RECORDED INFORMATION:

· · · ·

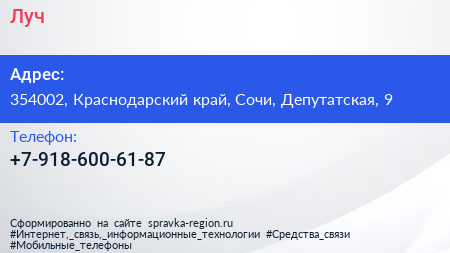 Луч по адресу 354002, Краснодарский край, Сочи, Депутатская, 9 в дальнейшем Организация, размещена в следующих категориях:
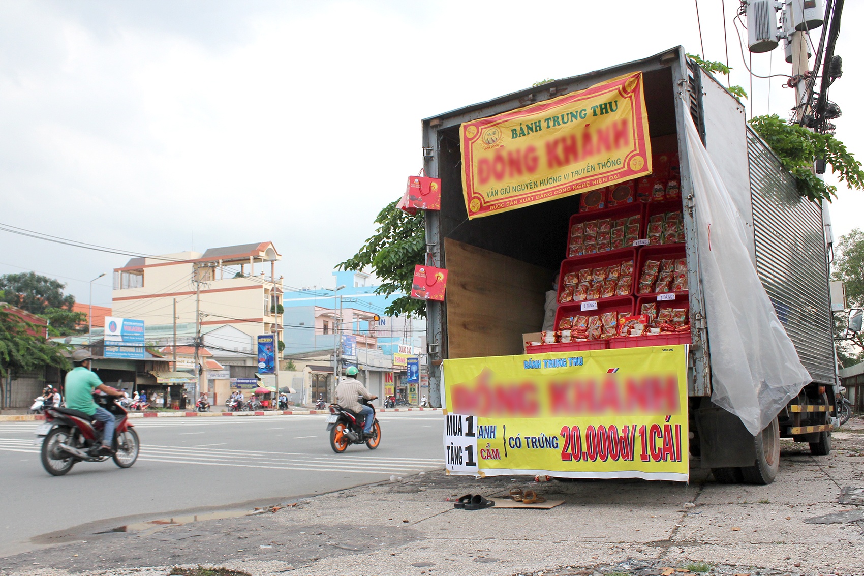 | Để tiết kiệm chi phí mặt bằng, anh Quân ở quận Bình Tân đã tận dụng chiếc xe tải chở hàng của mình để chở bánh đi bán ở nhiều địa điểm khác nhau. Giá bánh của "quầy" hàng này chỉ có 20.000 đồng/cái và khuyến mãi mua 1 tặng 1. |
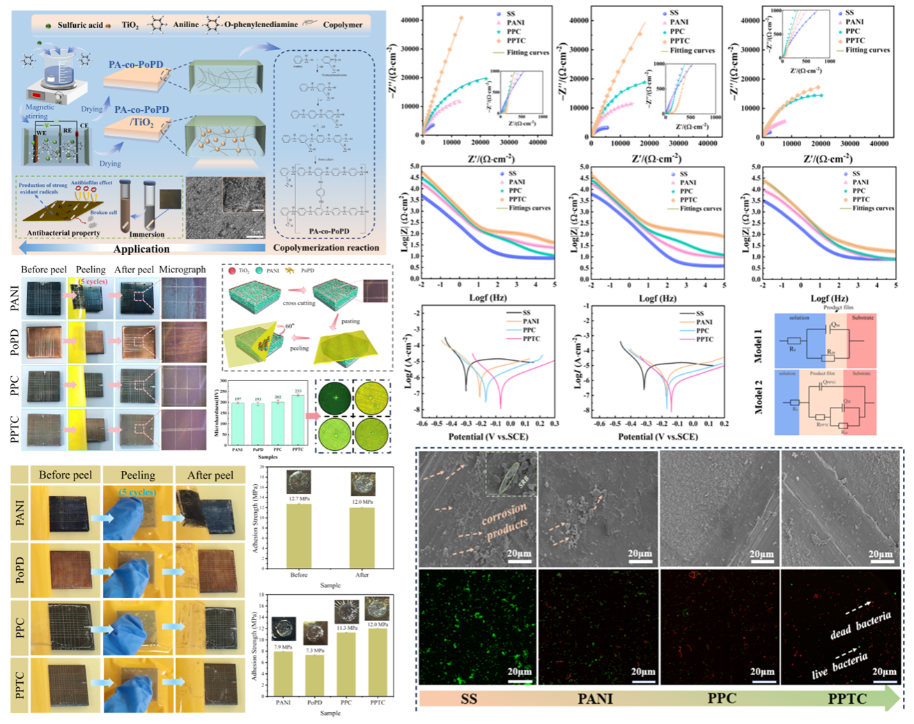PPTC复合薄膜展现出优异的机械性能,硬度达233 HV,附着力高达12.7 MPa。无论在干或湿环境下,经过多次胶带剥离测试,材料表面依然保持较完整,附着力未明显降低。在含SRB的3.5% NaCl溶液中,PPTC涂层表现出突出的防护性能,防护效率超过93%,浸泡7天后表面活菌覆盖率仅为0.1%。其防腐与抗菌双重功能主要归因于TiO2的杀菌作用及表面负电荷对细菌的排斥、涂层致密结构对腐蚀介质的有效阻隔,以及与基体的牢固结合。该工作以“Eco-friendly, robust electropolymerized nanocomposite coating for stainless steel against sulfate-reducing bacteria corrosion”为题发表在高分子科学类SCI期刊《Polymer》(影响因子4.5)。2023级硕士生黑鲜玲为第一作者,重庆三峡学院胡传波副教授、李廷真教授及香港浸会大学任康宁教授为论文共同指导教师。
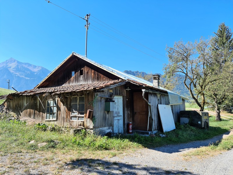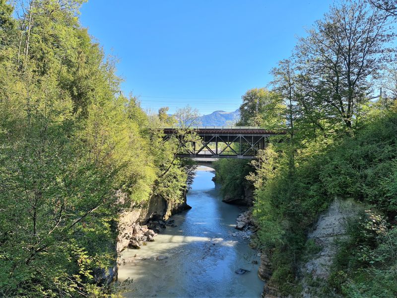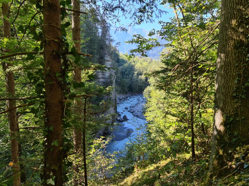Bij Gwatt gaat mijn pad omhoog. Ik kom nu hoog boven het Meer van Thun te lopen. Het uitzicht is geweldig. Boerenplaatsen, agrarisch gebied en bos wisselen elkaar af. En passant neem ik ook nog even een prachtige kloof mee.

· · · ·

Copy exactly the lines running from the beginning of the listing through the line that has "robust electropolymerized nanocomposite". Drop the pictures.

RESULT FOR THIS TASK:
 Луч по адресу 354002, Краснодарский край, Сочи, Депутатская, 9 в дальнейшем Организация, размещена в следующих категориях:
 | Để tiết kiệm chi phí mặt bằng, anh Quân ở quận Bình Tân đã tận dụng chiếc xe tải chở hàng của mình để chở bánh đi bán ở nhiều địa điểm khác nhau. Giá bánh của "quầy" hàng này chỉ có 20.000 đồng/cái và khuyến mãi mua 1 tặng 1. |
PPTC复合薄膜展现出优异的机械性能,硬度达233 HV,附着力高达12.7 MPa。无论在干或湿环境下,经过多次胶带剥离测试,材料表面依然保持较完整,附着力未明显降低。在含SRB的3.5% NaCl溶液中,PPTC涂层表现出突出的防护性能,防护效率超过93%,浸泡7天后表面活菌覆盖率仅为0.1%。其防腐与抗菌双重功能主要归因于TiO2的杀菌作用及表面负电荷对细菌的排斥、涂层致密结构对腐蚀介质的有效阻隔,以及与基体的牢固结合。该工作以“Eco-friendly, robust electropolymerized nanocomposite coating for stainless steel against sulfate-reducing bacteria corrosion”为题发表在高分子科学类SCI期刊《Polymer》(影响因子4.5)。2023级硕士生黑鲜玲为第一作者,重庆三峡学院胡传波副教授、李廷真教授及香港浸会大学任康宁教授为论文共同指导教师。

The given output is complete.